Herland critique
This site is devoted to discussing women's literature, rhetoric, and culture. The authors are TCU students enrolled in Ms. Kassia Waggoner's Intro to Women's Literature for the Spring of 2014. We welcome commentary on our findings.
Thursday, March 6, 2014
Blog #5, Andrea Jumper
Charlotte Perkins Gilman’s novel Herland, is a novel written to show that women do not need men to
survive and that women are independent creatures who can do everything by
themselves and better without men. In my opinion this is absurd. As much as
some dislike hearing it, we need men to have a functioning world. Yes it is unquestionable
that women are strong and independent and can do many, if not most things
themselves. Often times women do a certain job or task exceedingly better than
men. As Gilman writes, the women of
“Herland” have But men were put on the planet for a reason and despite all the
things women can do on their own, men are a huge part of the puzzle. Biologically
women, as a species, are designed to require men to reproduce and for
protection. Women are instinctively dependent on men, the social status they
can pass on, the protection they offer due to their genetically stronger
bodies, and the natural need to reproduce.

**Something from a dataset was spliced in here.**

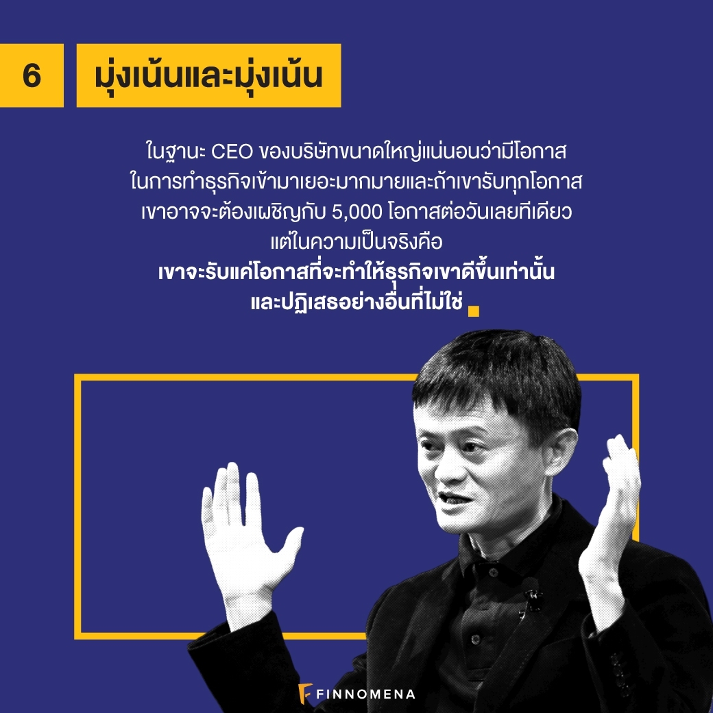 ในฐานะ CEO ของบริษัทขนาดใหญ่ แน่นอนว่ามีโอกาสในการทำธุรกิจเข้ามาเยอะมากมาย และถ้าเขารับทุกโอกาส เขาอาจจะต้องเผชิญกับ 5,000 โอกาสต่อวันเลยทีเดียว แต่ในความเป็นจริงคือเขาจะรับแค่โอกาสที่จะทำให้ธุรกิจเขาดีขึ้นเท่านั้น และปฏิเสธอย่างอื่นที่ไม่ใช่

Also in Gilman’s writing it seems that she is focusing so
much on the women’s injustices that she forgets about the men. The descriptions
of the three men are incredibly stereotypical and unfair. She writes of a
womanizer, southern gentle, and the all around “good guy.” Writing with such
narrow-minded stereotypes for men in the first place, in my opinion, ruined her
credibility for writing a novel about the equality of women. Later on in the
novel, the three men marry women from the Herland society. The only marriage
that ends up working out in the end is that of the “good guy.” That in itself
is defining the men and their relationship with women based on what she and the
rest of society would automatically assume, not what is actually the case;
which is what she is fighting in the case of women, but apparently not for men.
Giving this novel a 2.5 star rating, I would not recommend
it to a friend, although it may have been ground-breaking at the time, I think
it is tremendously prejudiced and one sided.